Try it> What you write must be the lines from the one holding "Nous vous informons" through the final line of the records below, reproduced exactly, minus the pictures.

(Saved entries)
[Start of section]

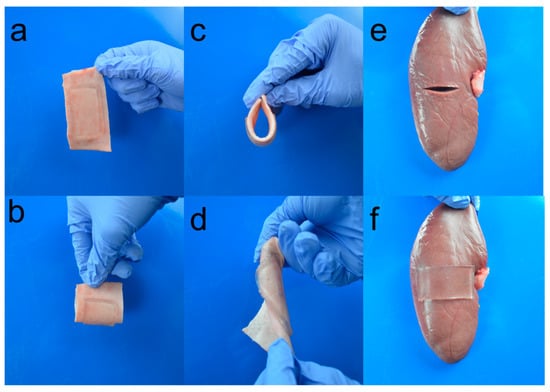 Photographs of the hydrogel bonded to pig skin (a) in the state of dangling, (b,c) being bent, and (d) twisted. Photographs of hydrogel adhesive adhered to pig kidney. (e) A notch was made in the pig kidney. (f) Hydrogel bonds to the pig kidney surface and connects the two sides.
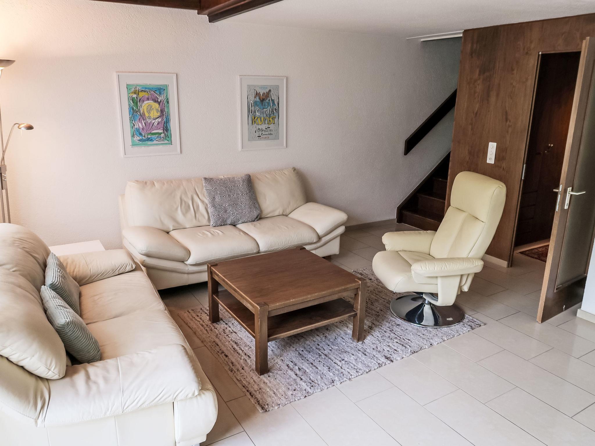"Ringstrasse Apt 422", 4-room maisonette 90 m2, on the top floor. Comfortable and cosy furnishings: living/dining room with cable TV (flat screen). Exit to the balcony. Kitchen (oven, dishwasher, 4 ceramic glass hob hotplates, microwave, electric coffee machine, Capsules for coffee machine (Nespresso) extra). Shower/WC. Upper floor: 1 double bedroom. 1 room with 2 beds and 1 sofabed. 1 room with 1 bed. Bath/WC. Large balcony. Balcony furniture. Beautiful view of the mountains, the countryside and the resort. Facilities: Internet (WiFi, free). Please note: non-smokers only.
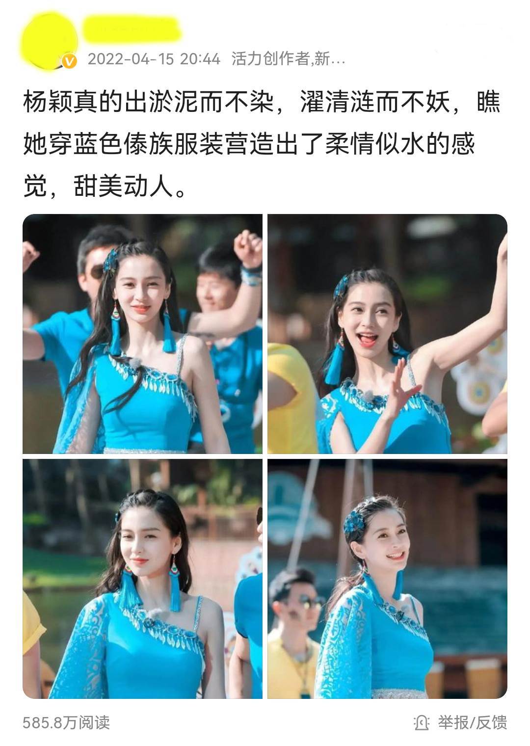 近日一娛樂大V曝光了一組baby傣族服裝造型大片。
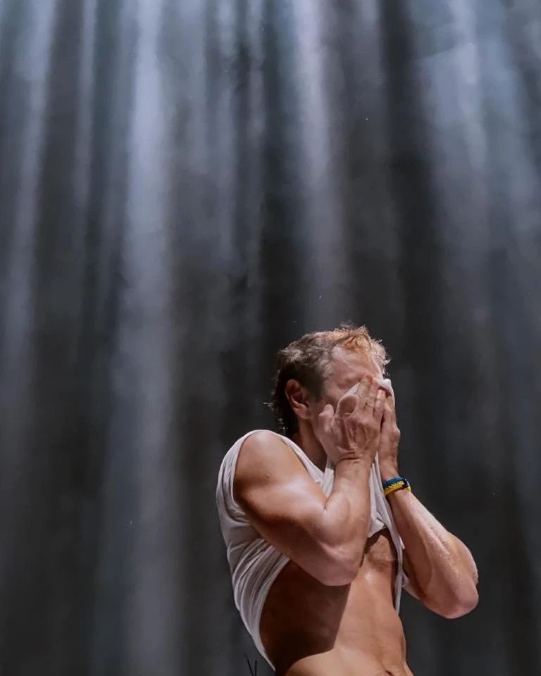 На другому знімку Вакарчук витирає обличчя майкою, оголивши бездоганний прес із кубиками. Виразно видно, що артист, який нещодавно став батьком удруге, не закинув спорт.
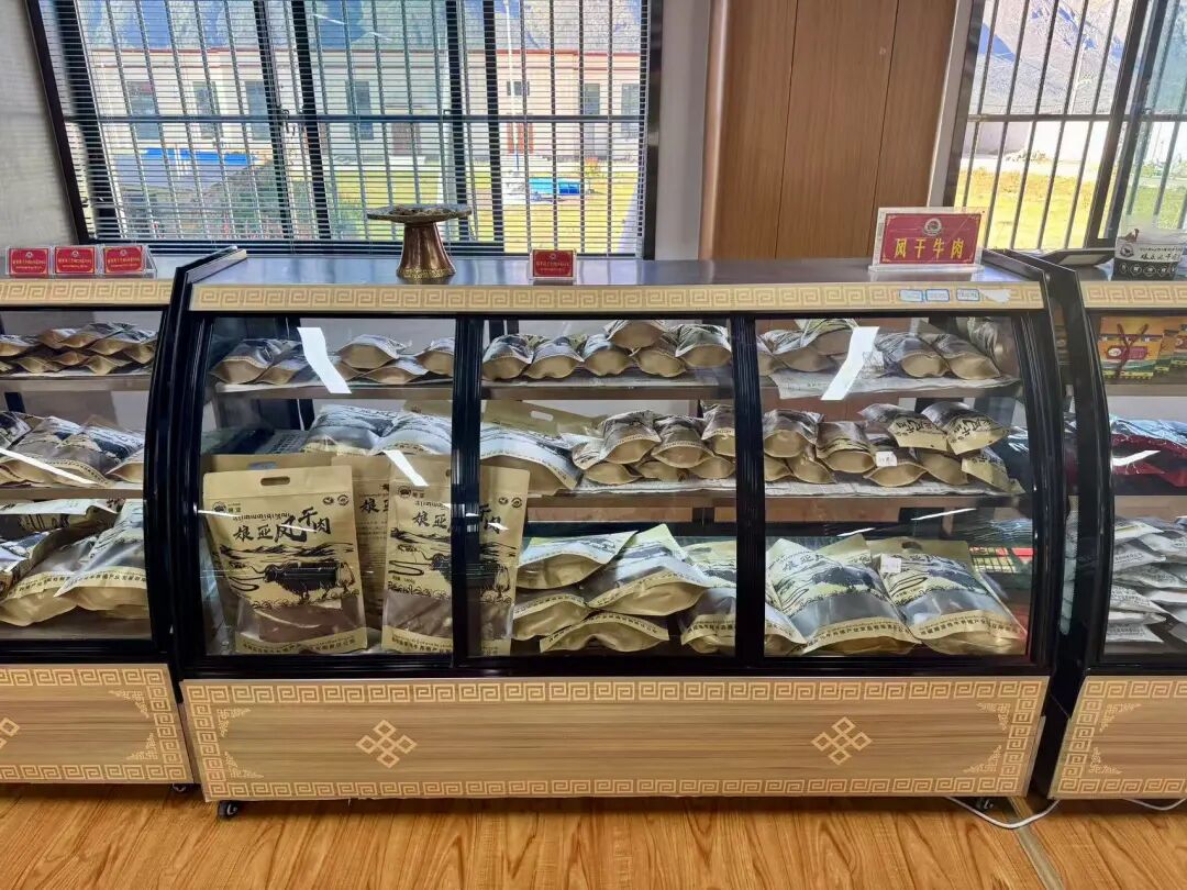 ▲嘉黎县娘亚牦牛养殖产业发展有限公司的特色畜产品展示柜
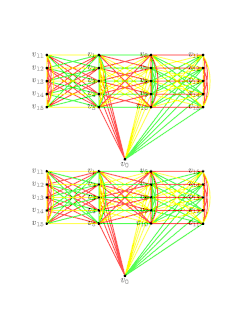 Para ver que R (3,3,3) ≥ 17, basta desenhar uma coloração de arestas no grafo completo em 16 vértices com 3 cores que evita triângulos monocromáticos. Acontece que há exatamente duas dessas colorações no K 16 , as chamadas colorações não torcidos e torcidos. Ambas as colorações estão apresentados na figura para a direita, com a coloração sem torção na parte superior, e a coloração torcida na parte inferior. Em ambas as colorações na figura, note que os vértices são rotulados, e que os vértices V 11 até v 15 são atraídos por duas vezes, tanto à esquerda como à direita, a fim de simplificar os desenhos.
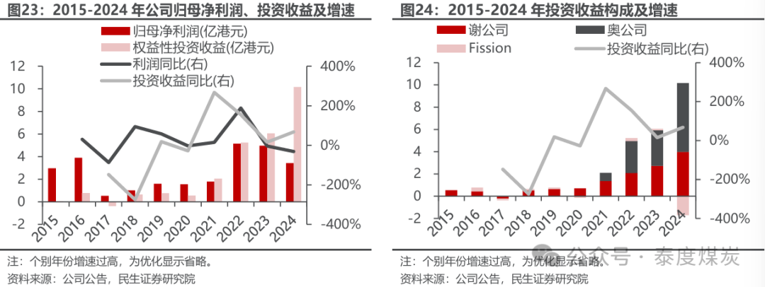 投资收益强势上涨,2024年所得税费用和终止经营损失影响利润释放。公司归母净利润主要由权益性投资收益贡献,2023/2024年占归母净利润比重达到122%/297%。公司分别于2015、2016、2021年完成对谢公司49%股权、Fission公司19.99%股权、奥公司49%股权的收购,自2015年谢公司开始贡献投资收益以来,除2017年因哈原工减产和铀价下跌录得亏损,公司投资收益整体呈上升趋势。2022年,铀价上行叠加完成奥公司收购,投资收益高增带动利润同比近2倍增长。2023年以来,公司包销业务因销售给控股股东定价较低导致的贸易亏损伴随铀价上涨而进一步扩大,但同时投资收益的加速增长足以弥补贸易亏损并进一步增厚利润。2024年,铀价同比大幅上涨,虽下半年有所回落但仍保持高位,公司投资收益同比增长67.71%至10.16亿港元,但因哈萨克斯坦税收口径逐渐收紧,公司将奥公司分红预提税率由5%上调至15%,并按差额补提补缴以前年度税费,导致2024所得税费用同比增加2.25亿港元(+361%),此外Fission公司被换股收购引起亏损约1.7亿港元,影响公司业绩释放。若剔除上述非经因素,2024年公司净利润约6.4亿港元,同比增长29%。
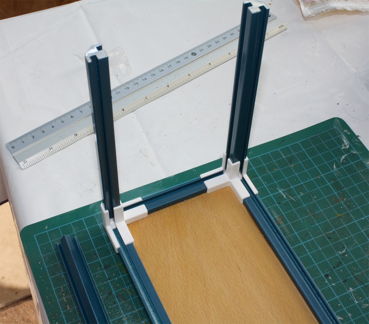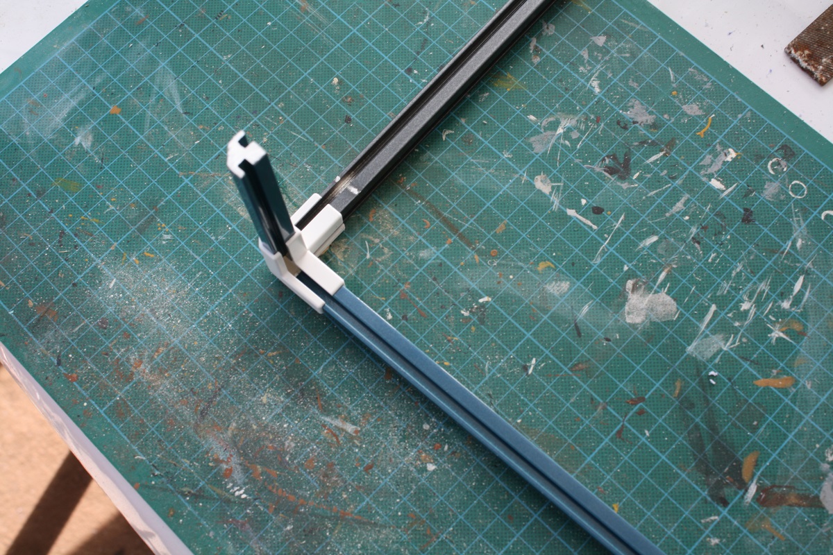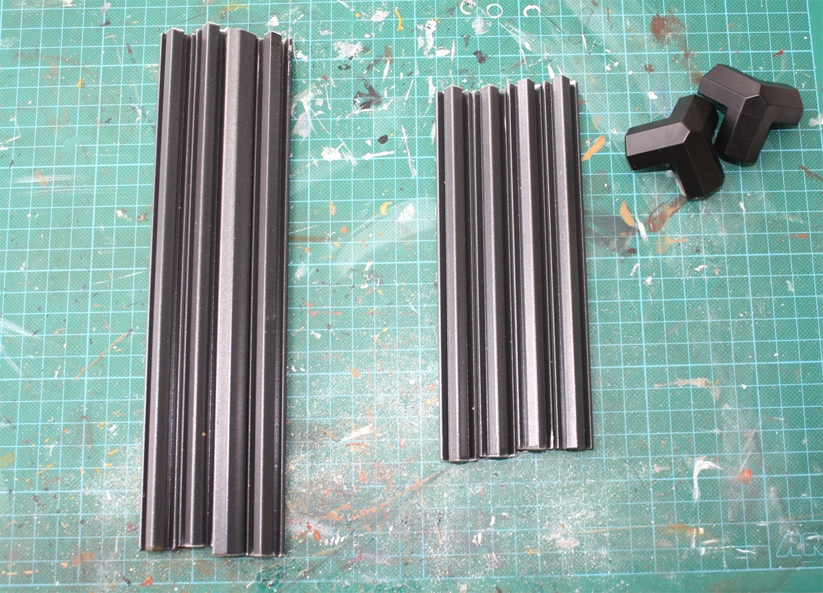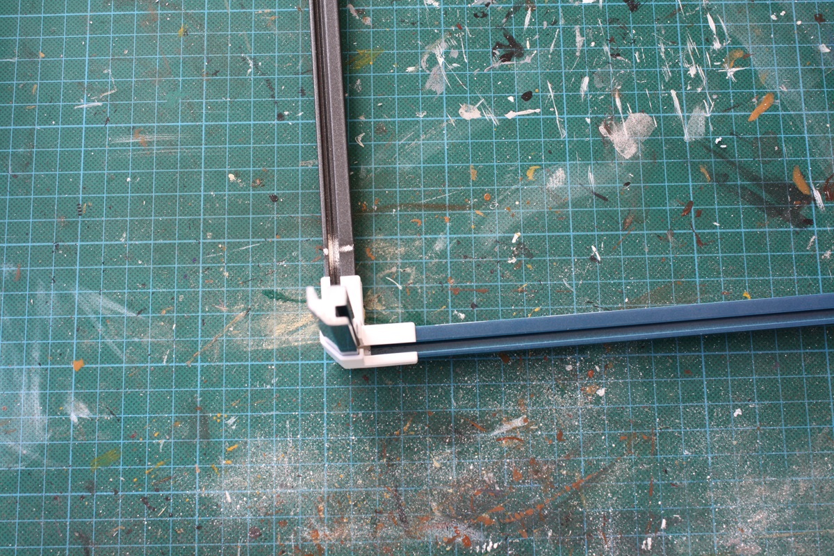 Das System besteht aus Aluminiumprofilen. Zum Set gehören auch die Eckverbinder und eine Glasscheiben.
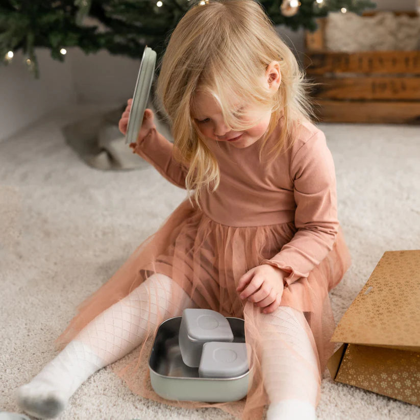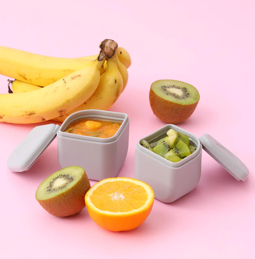 Nga puretë tek kutia e drekës - kombino dhe përshtat vaktet për të gjitha moshat! Ky set me dy kuti-tasë të vegjël është ideal për fëmijët në lëvizje, nga foshnjat që eksplorojnë ushqimet pure te fëmijët më të mëdhenj që po ushqehen vetë. Kombinimi i kutisë GrowBento me kutitë-tasë të vegjël që nuk rrjedhin krijon hapësirë për një gamë të gjerë kombinimesh ushqimesh duke përfshirë edhe lëngje si supa e nxehtë dhe salcat. Materialet shumë të qëndrueshme zgjasin shumë dhe rriten së bashku me nevojat e fëmijëve tuaj, nga ushqimet e imëta të dorës deri tek ushqimet e drekës që mund të merren në shkollë.   Seti përfshin:
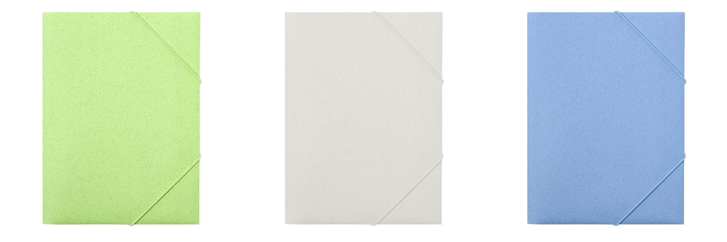 Carpeta fabricada a partir de caña de trigo. Tapa flexible, con interior especial para sujetar los folios y banda elástica de cierre. Disponible en varios colores.
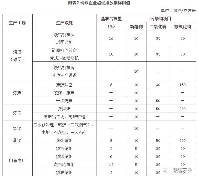 (一)有組織排放控制指標(biāo)。燒結(jié)機(jī)機(jī)頭、球團(tuán)焙燒煙氣顆粒物、二氧化硫、氮氧化物排放濃度小時(shí)均值分別不高于10、35、50毫克/立方米;其他主要污染源顆粒物、二氧化硫、氮氧化物排放濃度小時(shí)均值原則上分別不高于10、50、200毫克/立方米,具體指標(biāo)限值見附表2。達(dá)到超低排放的鋼鐵企業(yè)每月至少95%以上時(shí)段小時(shí)均值排放濃度滿足上述要求。
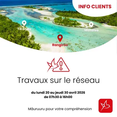 Nous vous informons que des travaux de modernisation du réseau sont prévus à Rangiroa, Tikehau et Mataiva, du lundi 20 au jeudi 30 avril 2026, de 08h00 à 16h00.
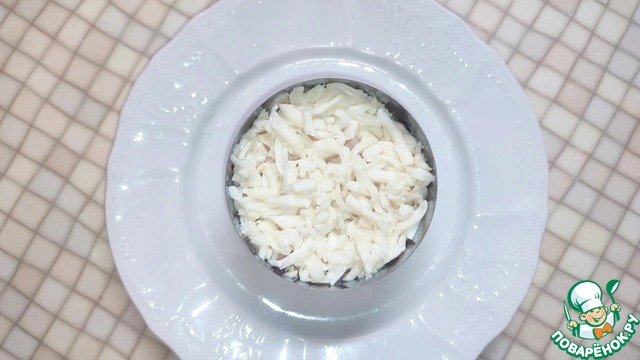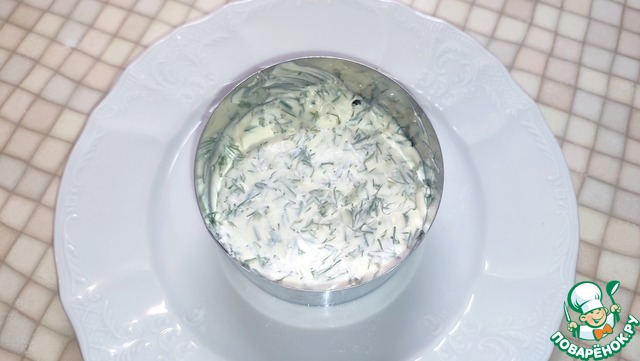 Третьим слоем натертый на крупной терке белок. Смазываем майонезом с укропом.

[End of section]

Response area>
 Nous vous informons que des travaux de modernisation du réseau sont prévus à Rangiroa, Tikehau et Mataiva, du lundi 20 au jeudi 30 avril 2026, de 08h00 à 16h00.
 Третьим слоем натертый на крупной терке белок. Смазываем майонезом с укропом.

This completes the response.